- Opening Delimiter -

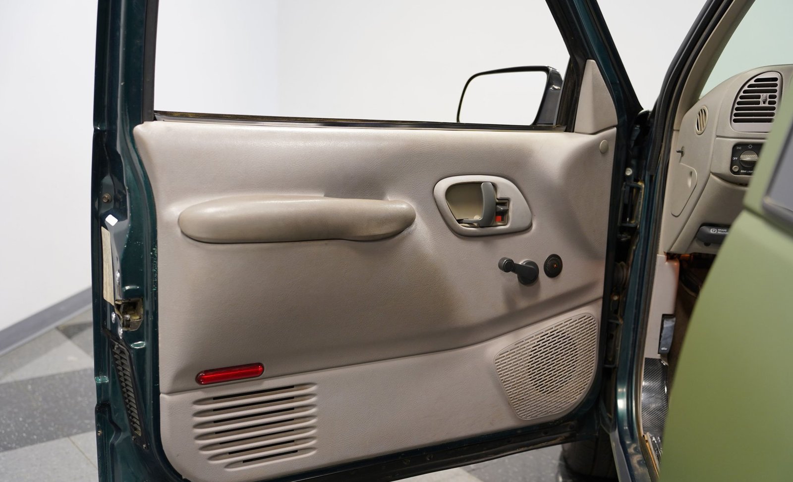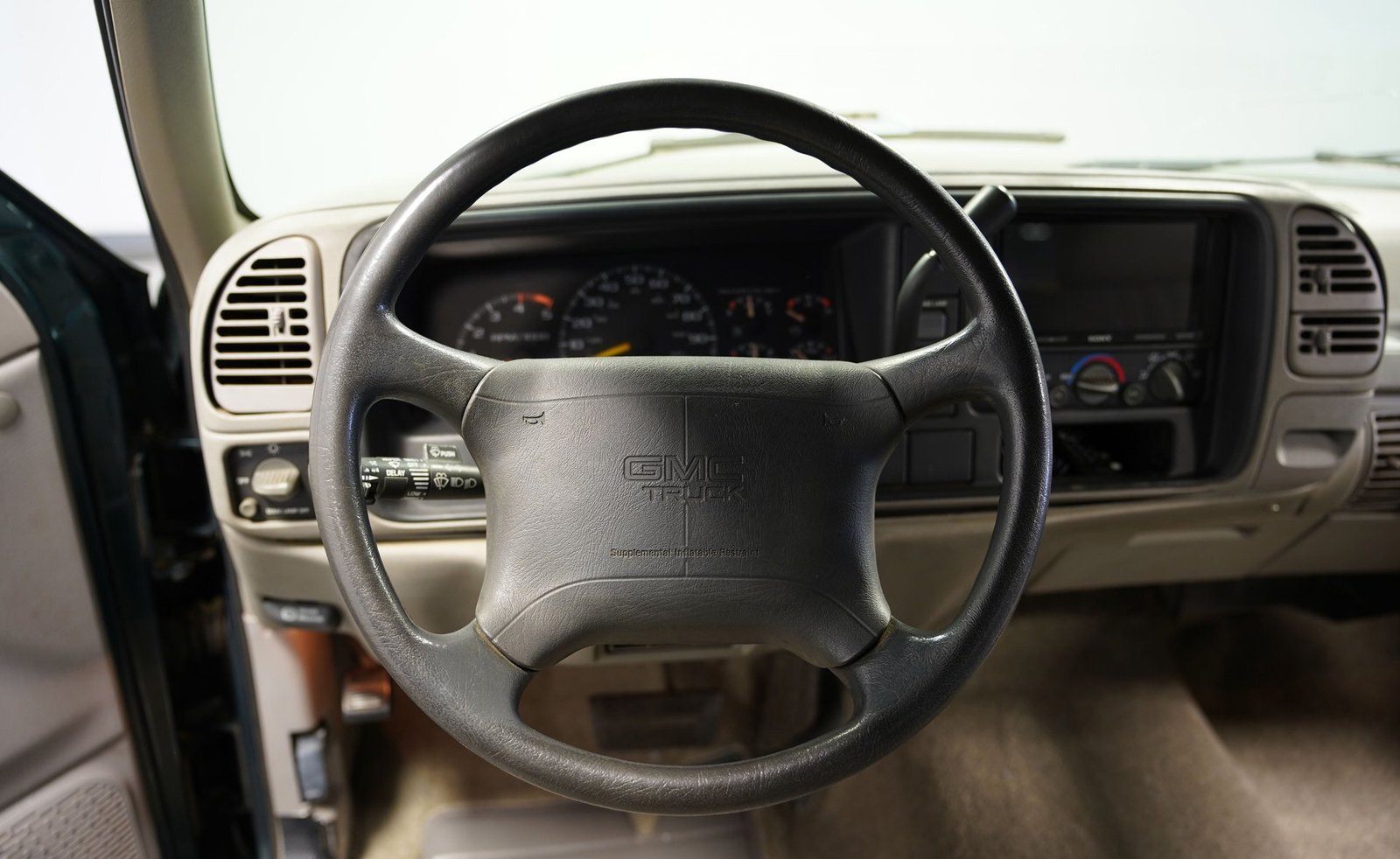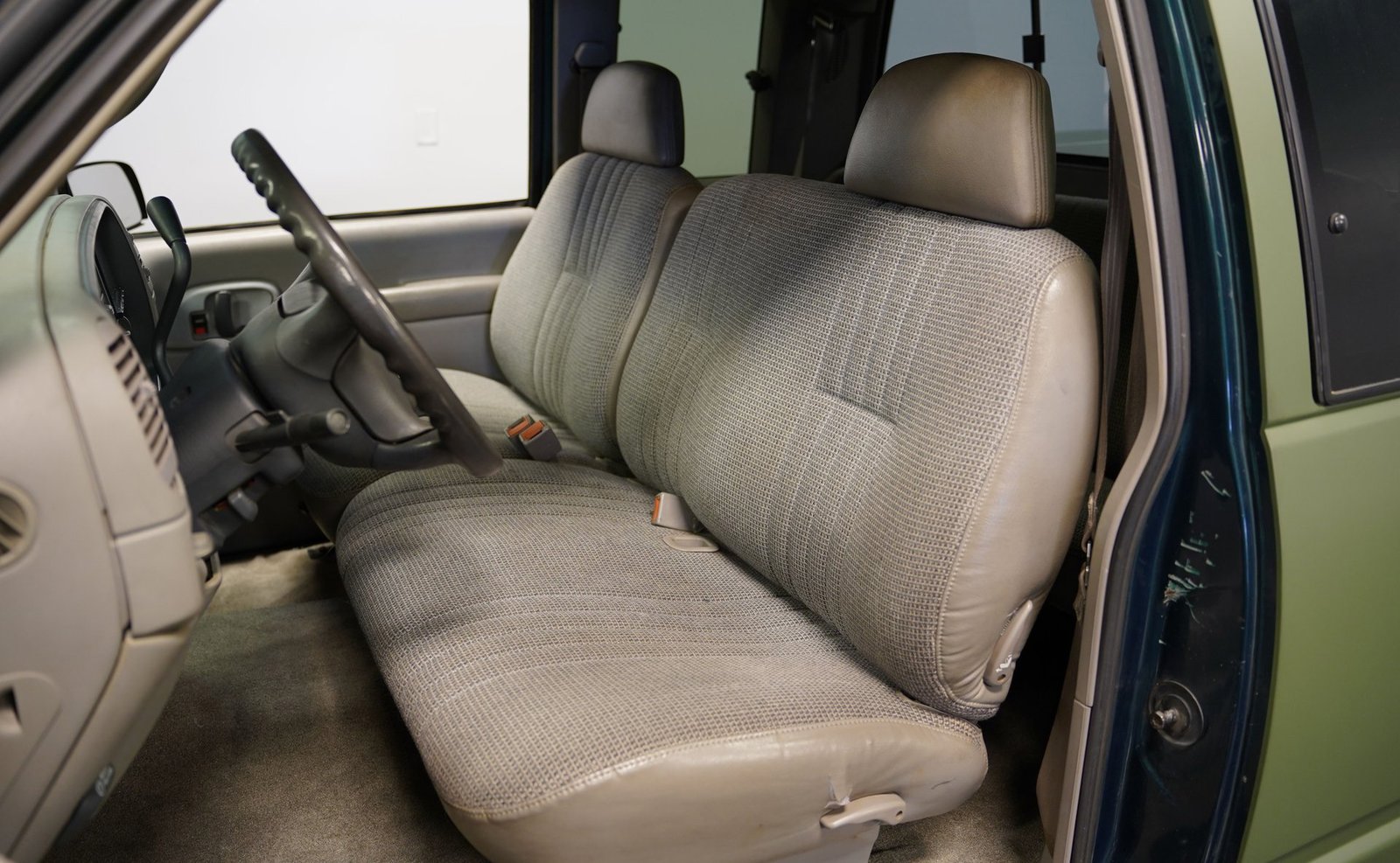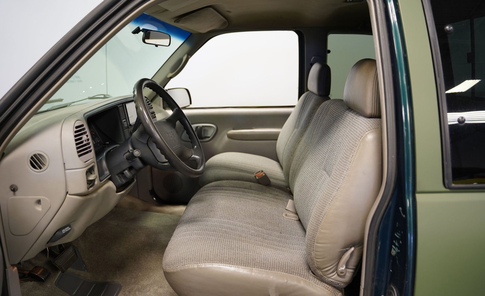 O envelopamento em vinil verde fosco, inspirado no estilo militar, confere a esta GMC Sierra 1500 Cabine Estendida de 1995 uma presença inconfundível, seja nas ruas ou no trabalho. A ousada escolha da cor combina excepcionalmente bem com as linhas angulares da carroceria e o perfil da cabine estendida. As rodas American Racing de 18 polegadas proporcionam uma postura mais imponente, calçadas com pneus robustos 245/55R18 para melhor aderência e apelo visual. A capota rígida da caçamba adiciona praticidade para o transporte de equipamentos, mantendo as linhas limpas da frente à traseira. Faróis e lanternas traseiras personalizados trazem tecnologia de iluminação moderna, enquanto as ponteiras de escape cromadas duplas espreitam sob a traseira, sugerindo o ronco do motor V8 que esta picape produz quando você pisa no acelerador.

- Closing Delimiter -
- Opening Delimiter -

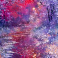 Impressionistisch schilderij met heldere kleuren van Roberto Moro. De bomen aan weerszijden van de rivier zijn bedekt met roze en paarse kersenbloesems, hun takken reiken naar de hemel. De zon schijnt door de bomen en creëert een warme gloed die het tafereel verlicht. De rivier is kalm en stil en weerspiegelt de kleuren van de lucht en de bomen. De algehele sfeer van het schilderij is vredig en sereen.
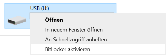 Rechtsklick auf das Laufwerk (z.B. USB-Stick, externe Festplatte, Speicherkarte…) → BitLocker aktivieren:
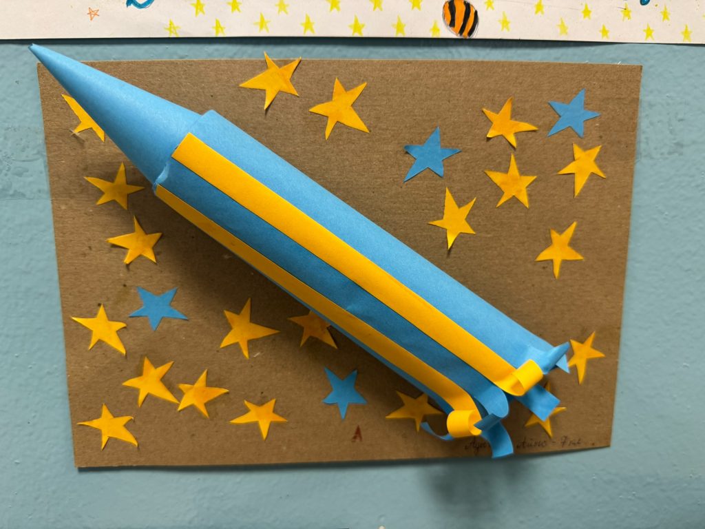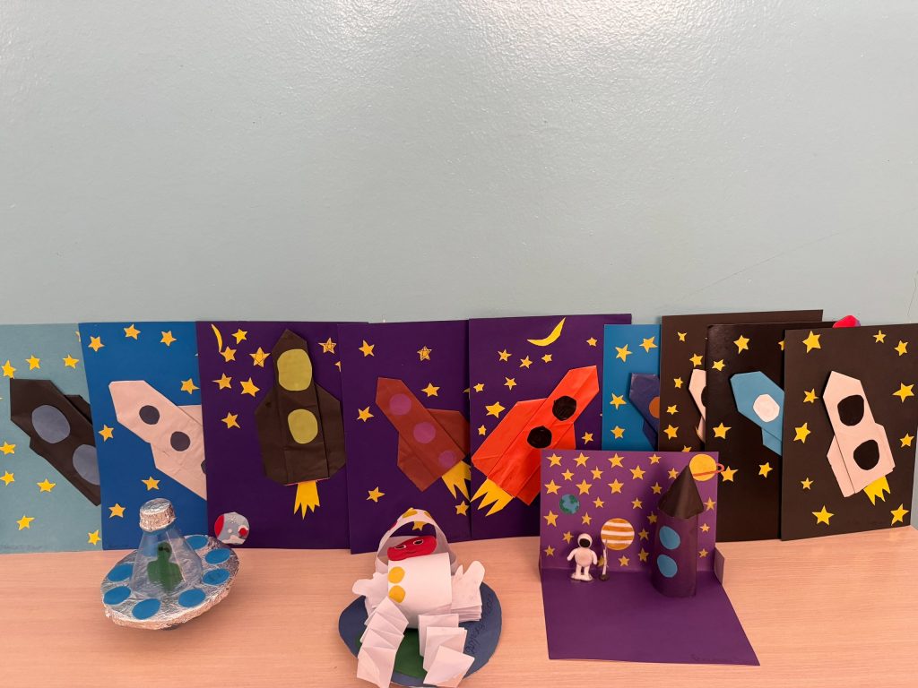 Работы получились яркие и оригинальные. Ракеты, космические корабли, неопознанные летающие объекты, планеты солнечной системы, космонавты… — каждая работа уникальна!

- Closing Delimiter -

*Directions*
Give the lines above again exactly, from the one containing "Rechtsklick auf das" to the one containing "Работы получились яркие", both included, but leave out the pictures.

*Response below*
 Rechtsklick auf das Laufwerk (z.B. USB-Stick, externe Festplatte, Speicherkarte…) → BitLocker aktivieren:
 Работы получились яркие и оригинальные. Ракеты, космические корабли, неопознанные летающие объекты, планеты солнечной системы, космонавты… — каждая работа уникальна!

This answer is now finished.